The Fierce And The Dead had its roots in Steven’s solo music, which is filled with ethereal guitar loops. When Steve Cleaton joined for the group’s last EP, On VHS (2012), his guitar and keyboard work pushed the band to develop a rougher edge. “Intermission 3” harks back to their beginnings with a loose ambient flow. Softly hazed echoes and a windswept soundscape set the mood. As sounds swell into view and then fade, there’s the disorienting sense that something is pacing at the edge of perception. The eerie tension finally bleeds off like a fading apparition, lulling the listener. But it’s a false sense of release and the dissipating fog is ripped apart with the transition to the title track. Like a cold splash of water or a jarring slap, “Spooky Action” triggers an adrenaline spike. The tight, staccato rhythm and thick wall of guitar snarl offer a distressed King Crimson vamp as the song takes its time setting the hook. In a trademark dynamic shift, the tune brings the fear to a head then drops into a sun-dappled interlude. Cheery pop guitars and percussion chimes offer a carefree rebuttal to the opening anxiety. The song is permeated with a feeling of acceptance as it picks up a stronger sense of direction. Even the sudden fearful shift back to the opening can’t sabotage the mood completely. Taken together, these two songs form a joint view of the supernatural. “Intermission 3” sets up the mystery of the unknown, the start of “Spooky Action” captures a shocking confrontation with the unexpected and underneath it all, the third panel promises more comforting possibilities. Ultimately, the fear remains with the band unwilling to cocoon themselves away from their unsettling encounter.

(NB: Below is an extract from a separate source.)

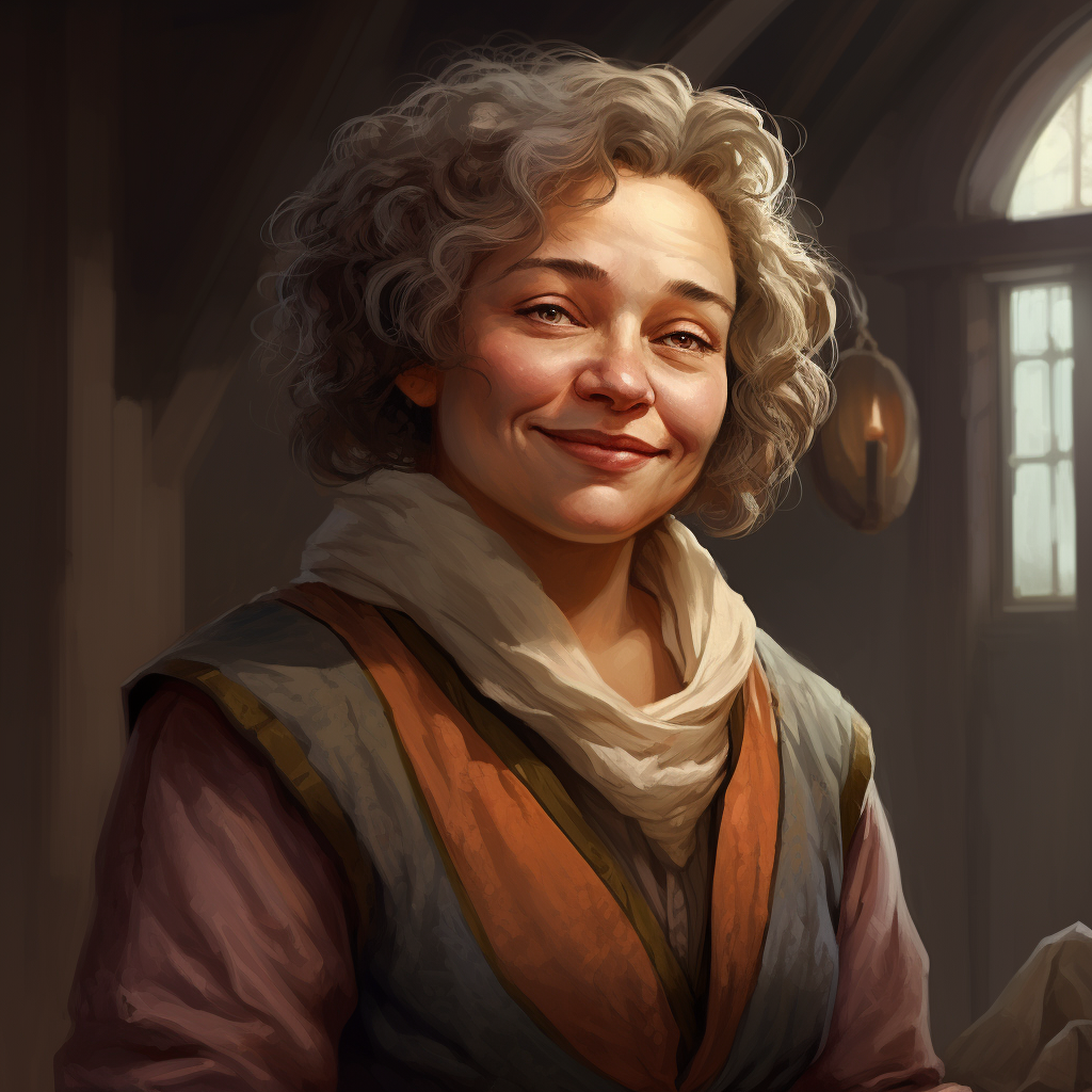 Chenna Goodbarrel owns a small and charming halfling tavern in Fairgate Outer called The Singing Fox, with her wife Harriet. Chenna runs the bar and kitchen; warm, welcoming, and charming, she’s the heart of the establishment.

While Cleaton certainly drives the punch on “Spooky Action”, his influence feels strongest on “I Like It, I’m Into It”. The heavy track opens with a blend of Thrak-era King Crimson and pulsating acid rock. Stuart Marshall’s drumming is exquisite, providing the perfect framework for the 15/8 grind, then exploding into flamboyance for the turn around breaks. This time, the dynamic drop has its own flavor. The last guitar note hangs while the bass thumps its way through a post punk march. When the guitar joins in, it’s ejected the distortion for a crystalline chime. The piece builds with repetition to wind itself into a classic rock jam and psychedelic lead before closing out on a tightly synchronized finish.

The evocative songs on Spooky Action serve up a stream of surprises, but maintain a coherent sonic aesthetic that finds resonance in such diverse artists as El Ten Eleven, XTC, Robert Fripp, and Black Flag. The bite-sized pieces evolve and develop into fully formed vignettes. It’s no wonder that Stevens and the band are making such a splash on the post-rock scene, with a Limelight nomination this year at Prog Magazine. Surrounded by trivial music, the Fierce And The Dead‘s instrumentals are a bracing tonic.